Genís Roca resume esta diferencia del siguiente modo: mientras que los nativos digitales tienen una ‘cualidad innata’ para desarrollar prácticas a través de la tecnología digital, los inmigrantes digitales manifiestan una especie de ‘incapacidad innata’ para desarrollar prácticas a través de la tecnología. Adolfo Estalella, investigador de la UOC, es mucho más escéptico, y analiza en detalle algunas de las cuestiones fundamentales de este fenómeno a través de las aportaciones de John Palfrey, Director Ejecutivo del Berkman Center of Internet and Society.

John Palfrey matiza esta dicotomía con un modelo mucho más complejo, ilustrativo y reflejo de la realidad en el que se combina la edad y el uso de la tecnología.

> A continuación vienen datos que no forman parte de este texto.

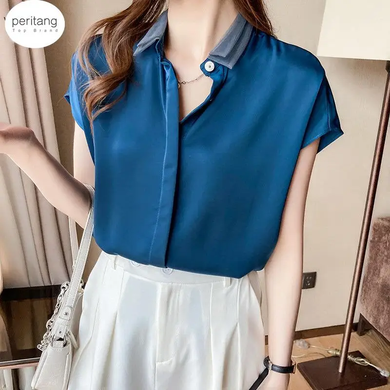 Блузка Женская атласная с коротким рукавом и V-образным вырезом

1. Those who are Born Digital and also Live Digital = the Digital Natives we focus on in this book (to complicate things further: there is a spectrum of what it means to live digitally, with a series of factors to help define where a Digital Native falls on it);
2. Those who are Born Digital (i.e., at a moment in history, today) and are not Living Digital (and are hence not Digital Natives);
3. Those who are not Born Digital but Live Digital = us (for whom we do not have a satisfactory term; perhaps we need one — our colleague David Weinberger suggests Digital Settlers);
4. Those who are not Born Digital, don’t Live Digital in any substantial way, but are finding their way in a digital world = Digital Immigrants; and,
5. Those who weren’t Born Digital and don’t have anything to do with the digital world, whether by choice, reasons of access or cash, and so forth.

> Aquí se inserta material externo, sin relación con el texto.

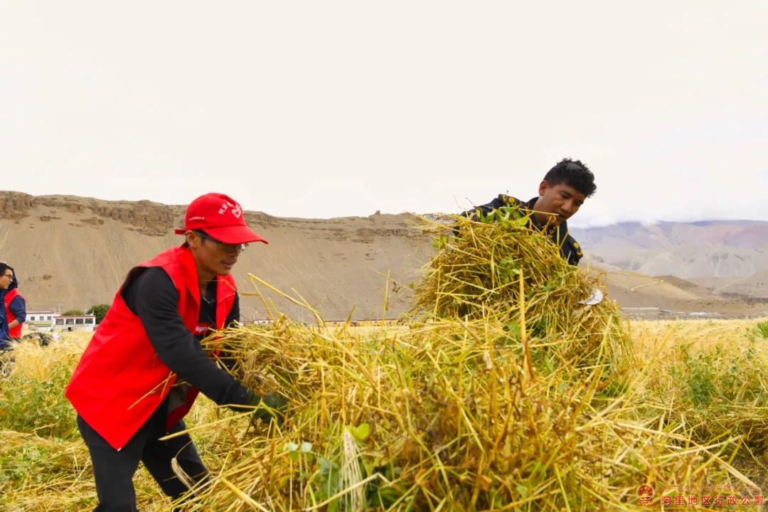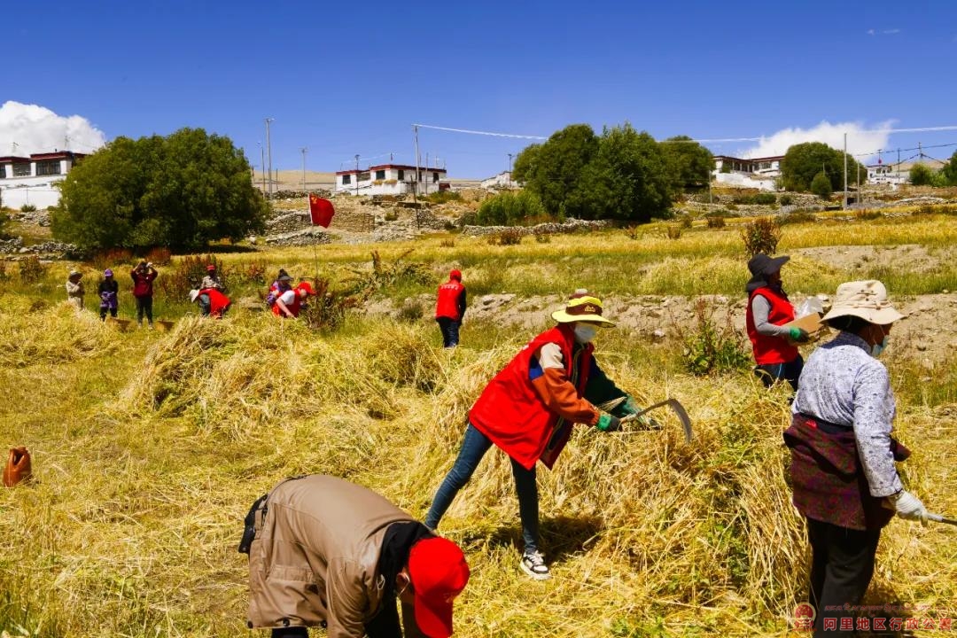 为抢抓晴好天气收割,力争颗粒归仓。普兰县积极组织百名党员深入田间地头,帮助缺劳力户开展秋收工作。村民和前来帮忙的党员一同劳作,满怀喜悦地在秋色里俯身收割青稞、豌豆、油菜,搬运、打谷、装袋,大家分工合作,忙得热火朝天。

Este modelo, realizado por Palfrey y recogido del blog de Adolfo Estalella, define una variable que no se basa exclusivamente en el criterio de la edad, pues en realidad no es el elemento fundamental para determinar las prácticas digitales que desarrolla esa persona. La principal aportación de Palfrey es que, sin dejar de reconocer un cambio cultural resultado de la digitalización, entiende que los criterios para su definición no pueden ser exclusivamente la edad o la pertenencia a una generación cronológica. Estalella cerraba su post con una observación muy clarificadora:

“Conozco a muchos inmigrantes que escriben sms como los nativos, que hacen uso de la red como los nativos, que son, a fin de cuentas, más nativos que muchos nativos. Más aún, la mayor parte de los que escribe sobre los nativos digitales, y que no les queda más remedio que asumir su condición de inmigrante digital, son más nativos que cualquier otro nativo. Tengo la impresión de que tanto ellos como esos que llaman nativos son todos colonizadores del territorio digital, lo querramos o no”.